I am reading Complex Variables and Applications by Brown and Churchill. On page 35, exercise 7(b) asks the reader to determine the accumulation points of the following set:
$$S=\left\{\frac{i^n}{n}:n\in\mathbb{N}\right\}$$
After calculating a few elements of $S$ for small values of $n$ by hand and plotting the points in the complex plane, it is obvious to me that $z=0$ is the only accumulation point of $S$. This is confirmed by the answer given in the textbook, and I was easily able to prove that $z=0$ is indeed an accumulation point of $S$. However, the exercise asks the reader to "determine" the accumulation points of $S$, which seems to imply that I also need to prove that there are no other accumulation points of $S$. However, I am struggling to prove that if $z\neq0$, then $z$ is not an accumulation point of $S$. Here is what I have so far:
Let $z\in\mathbb{C}\setminus\{0\}$ and let $z_1\in S$
Then there exists $n\in\mathbb{N}$ such that $z_1=\frac{i^n}{n}$
Let $\varepsilon=\frac{1}{n+1}$
Then $|z_1-z|\geq||z_1|-|z||=\left|\left|\frac{i^n}{n}\right|-|z|\right|=\left|\frac{1}{n}-|z|\right|$
I know that I need to show somehow that $\left|\frac{1}{n}-|z|\right|\geq\varepsilon$, but I am not sure how.

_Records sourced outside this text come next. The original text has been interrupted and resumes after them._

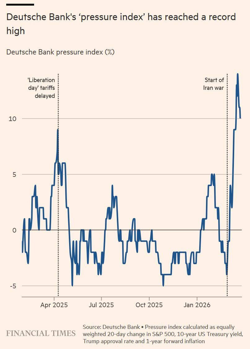» Посмотрите на график. Что сделал Deutsche Bank: Они собрали индекс, который измеряет давление на администрацию Трампа через 4 компонента: — S&P 500 (рынок) — доходности трежерис (стоимость денег) — инфляционные ожидания — рейтинг одобрения Идея простая: чем выше давление — тем выше вероятность резкого разворота политики (то, что в рынке уже прозвали TACO — Trump Always Chickens Out) 🌮 Теперь самое интересное. На графике видно: — пики совпадают с моментами, когда политика менялась или смягчалась — сейчас индекс на историческом максимуме — и это совпадает с геополитическим напряжением (Иран, нефть, ставки) Что это значит? Это не «магический индикатор». Но это очень сильный сигнал того, что: рынок начинает ломать политику, а не наоборот Когда: — акции падают — доходности растут — инфляция давит — рейтинг проседает у власти резко уменьшается пространство для жёстких решений. Какие последствия? Если индекс прав: — вероятность смягчения риторики ↑ — вероятность сделок/перемир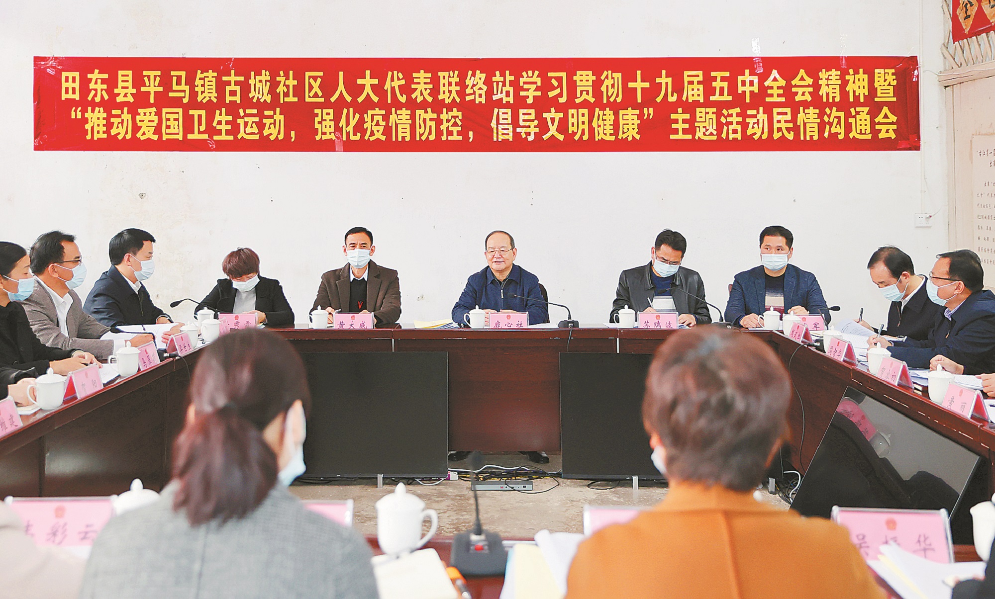 在人大代表民情沟通会上,会议通报了上一年度人大代表联络站重点建议办理情况,对联络站重点建议办理情况和开展活动情况进行满意度测评,田东县书面汇报开展公共卫生事业建设和新冠肺炎疫情防控工作情况。部分驻站人大代表和基层群众代表围绕“推动爱国卫生运动,强化疫情防控,倡导文明健康”主题,就移民集中搬迁区公共卫生等基础设施建设、城乡环境综合整治、开展爱国卫生运动和常态化疫情防控工作,以及《广西壮族自治区爱国卫生条例(草案)》等提出意见建议,自治区和田东县有关部门作了回应。鹿心社认真听取发言,要求有关部门认真梳理研究代表和群众提出的意见建议,结合工作实际,抓好落实。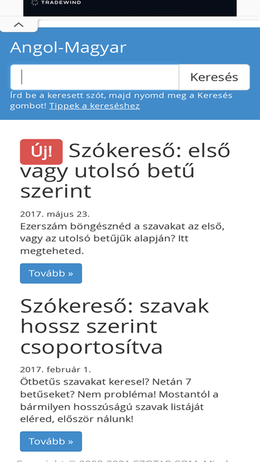 letisztult, átlátható webes szótár.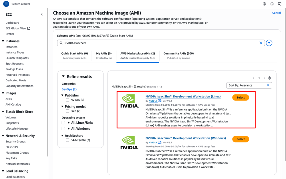 部署路径:AWS控制台 → EC2 → 启动实例 → 浏览其他AMI → AWS Marketplace AMI → 搜索”NVIDIA Isaac Sim”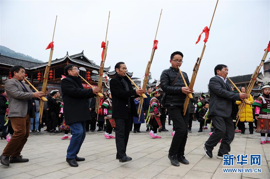 2月24日,在贵州省凯里市舟溪镇,苗族群众在吹奏芦笙。 当日,在贵州省黔东南苗族侗族自治州凯里市舟溪镇,来自各地的苗族群众身着节日盛装,欢聚在古老的“甘囊香”芦笙堂,男子吹奏起芦笙,姑娘和孩子们跳起芦笙舞,欢度新春,祈求风调雨顺、五谷丰登,青年男女也借此良日寻觅意中人。 “甘囊香”是苗语音译,意思为“河流的下游,神仙汇聚的地方”。“甘囊香”芦笙会是贵州规模最大、最古朴的苗族芦笙会之一。 新华社记者杨文斌摄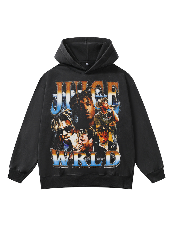 Black Anime Embroidered Hoodie Acid Wash Printed Oversized Streetwear Pullover Graphic Warm Fleece Casual Fashion Cotton Hoodie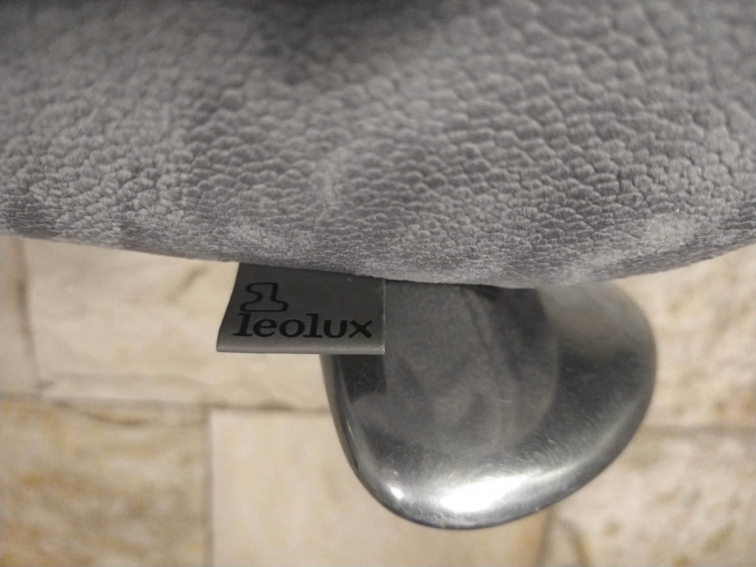 Fraaie Leolux Balou hocker/voetenbank. Uitgevoerd in middel grijs/zilveren stof. Aluminium poten. In prima staat.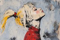 Vrouwenportret | Serene Elevation - Dit vrouwen schilderij toont een jonge vrouw met opgeheven gezicht en gesloten ogen, gekleed in een levendig rode trui, haar blonde haar strak gebonden in een hoge staart met een rode band, tegen een vaag, abstract blauw en grijs achtergrond, wat de schilderstijl van modern expressief realisme benadrukt.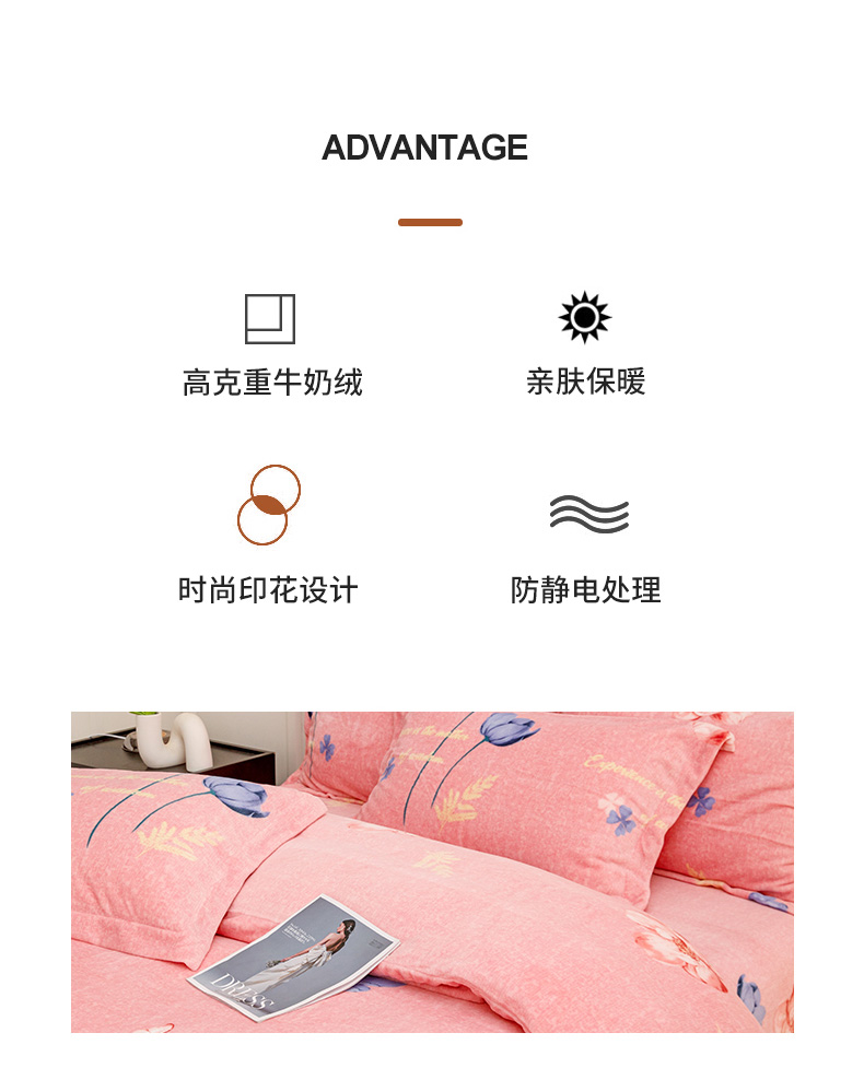 当前位置: 91家纺网 > 商品网购 > 床品套件 > 四件套 > 牛奶绒四件套 > 新款230克高克重印花牛奶绒四件套定做定制尺寸 花开那年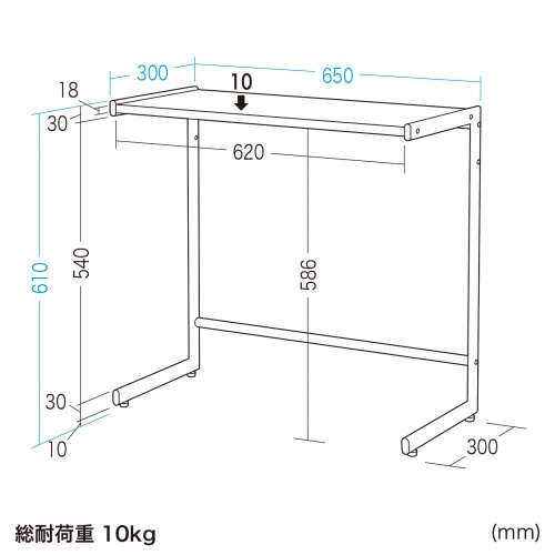 | 総耐荷重 | 20kg(引き出し内 10kg) | 30kg(引き出し内 5kg) | 10kg(天板 8kg、引き出し内 2kg) | 10kg | 10kg | 10kg |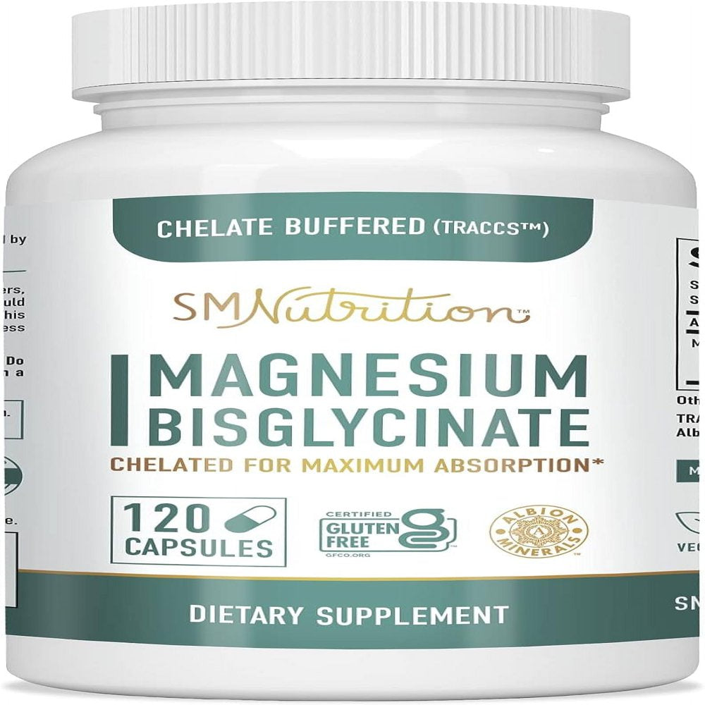 SM Nutrition Chelated Magnesium Glycinate |For Sleep Support Muscle Cramps & Bone Health | 120 Ct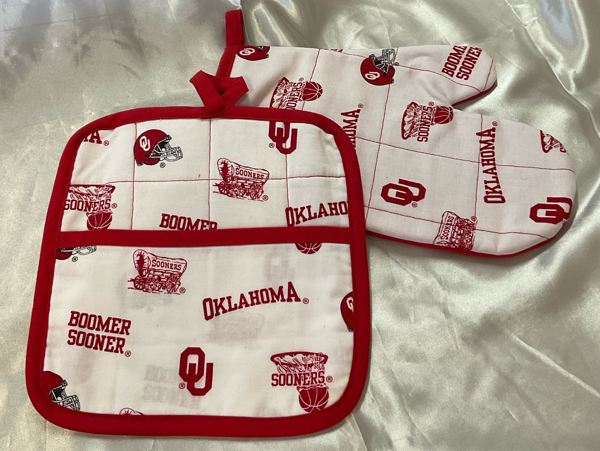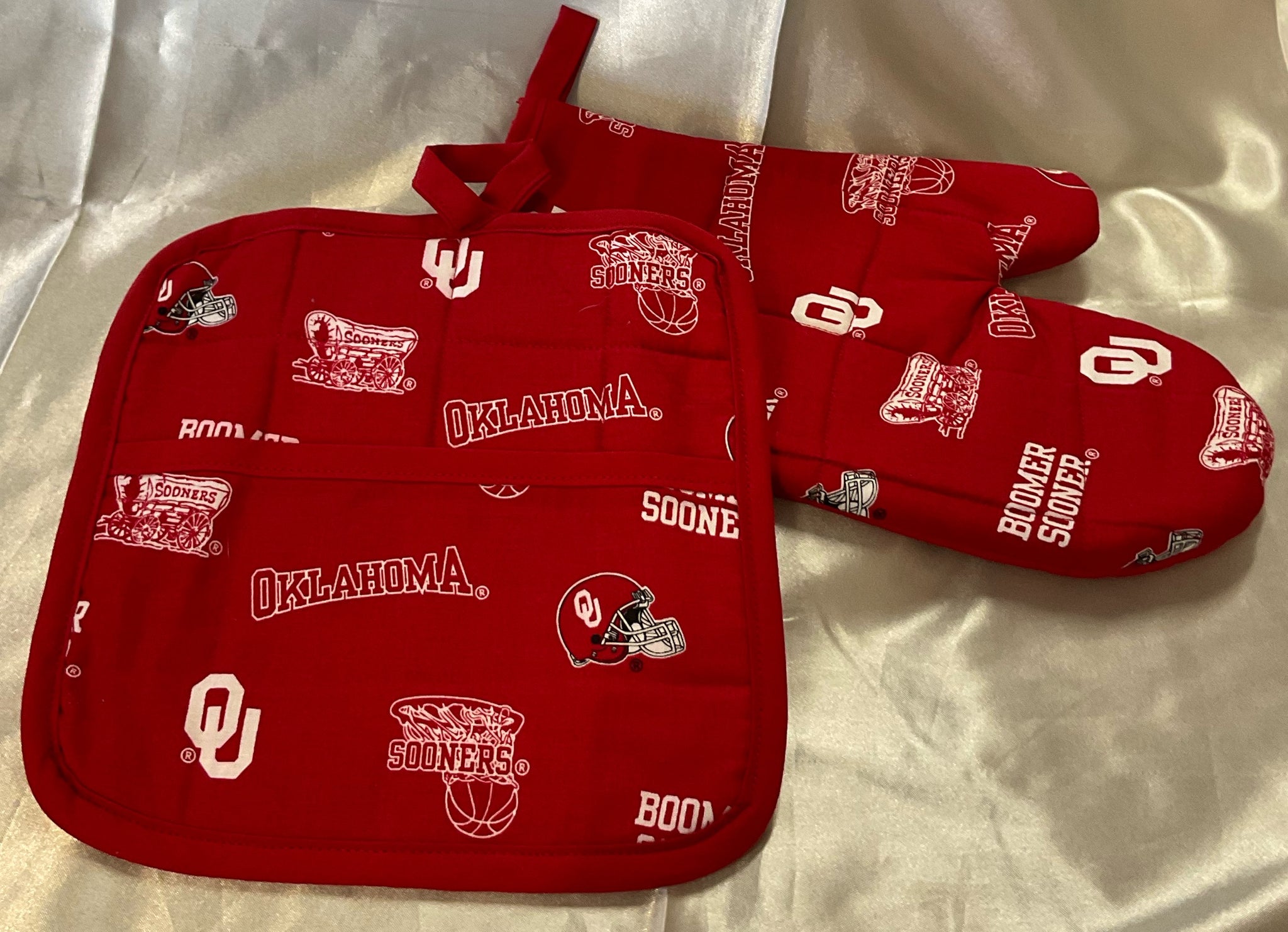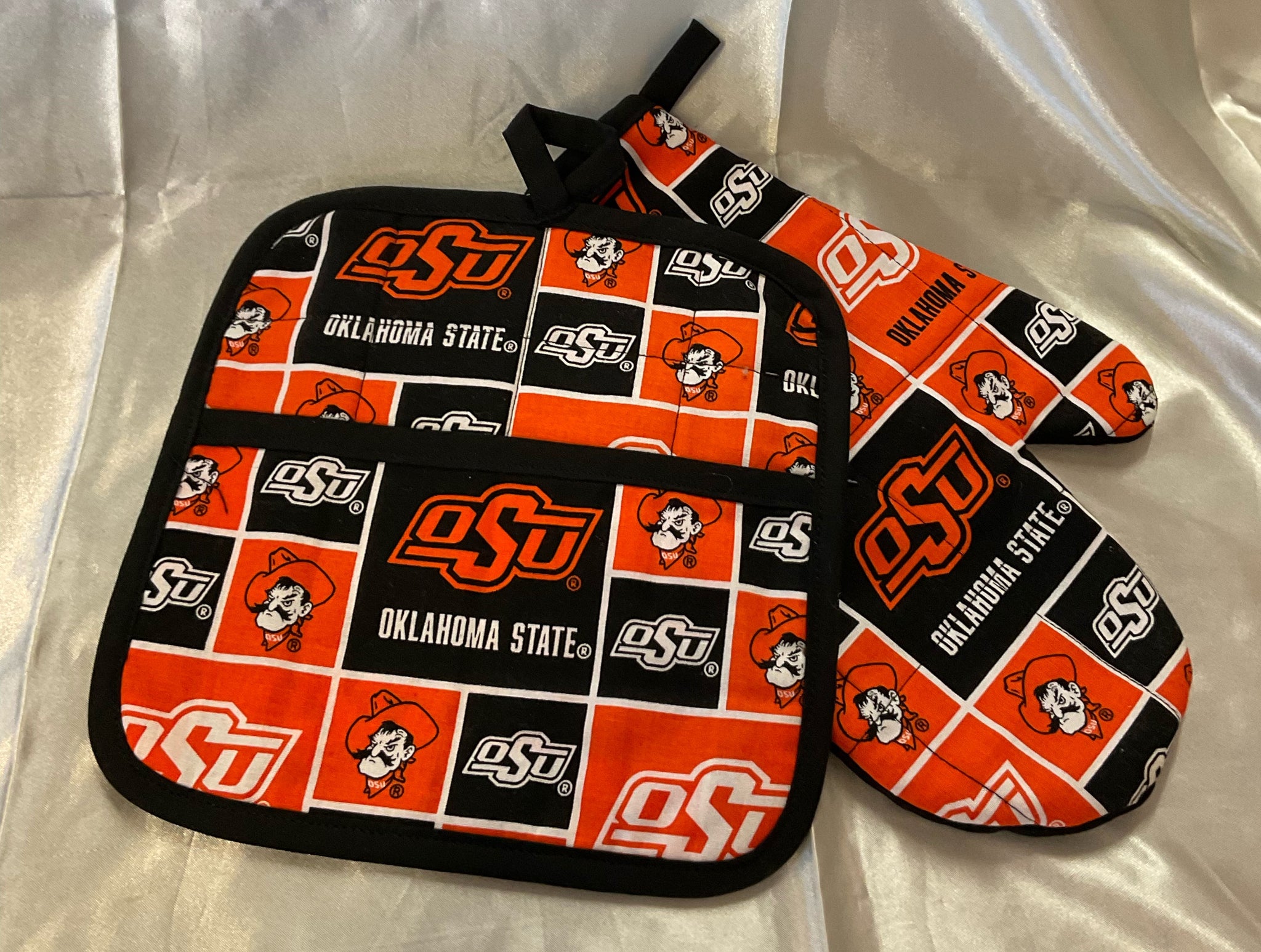 Handmade oven mit and potholder set

I chose $\varepsilon=\frac{1}{n+1}$ based on the fact that:
$\left|\frac{1}{n}-|z|\right|\geq\varepsilon\implies\frac{1}{n}-|z|\geq\varepsilon$ or $\frac{1}{n}-|z|\leq-\varepsilon$
$\frac{1}{n}-|z|\geq\varepsilon\implies\frac{1}{n}\geq\varepsilon+|z|\implies\frac{1}{n}>\varepsilon$ since $|z|>0$, which is true for all $n\in\mathbb{N}$ if $\varepsilon=\frac{1}{n+1}$
However, substituting $\varepsilon=\frac{1}{n+1}$ into the second inequality above yields:
$\frac{1}{n}-|z|\leq-\varepsilon\implies\frac{1}{n}-|z|\leq-\frac{1}{n+1}\implies\frac{1}{n}+\frac{1}{n+1}\leq|z|$
which does not appear to be true for all $n\in\mathbb{N}$ since $|z|$ can be arbitrarily small. However, I am not sure how to choose $\varepsilon$ such that both inequalities are satisfied. $\varepsilon=-\frac{1}{n}$ would work, but $\varepsilon$ must be positive. Will my choice of $\varepsilon=\frac{1}{n+1}$ work?
I would appreciate any hints that might help me complete the proof.
Best Answer
Given an $S$ accumulation point $z$ choose a convergent one-to-one $S\setminus\{z\}$ sequence $(\frac{i^{A_n(z)}}{A_n(z)})_{n=1}^\infty$ and a monotonic subsequence $(a_n(z))_{n=1}^\infty$ of $(A_n(z))_{n=1}^\infty$ so that $z=\lim_{n\to\infty}\frac{i^{a_n(z)}}{a_n(z)}$. $$|z|=\lim_{n\to\infty}\big|\frac{i^{a_n(z)}}{a_n(z)}\big|=\lim_{n\to\infty}\frac{1}{|a_n(z)|}=0$$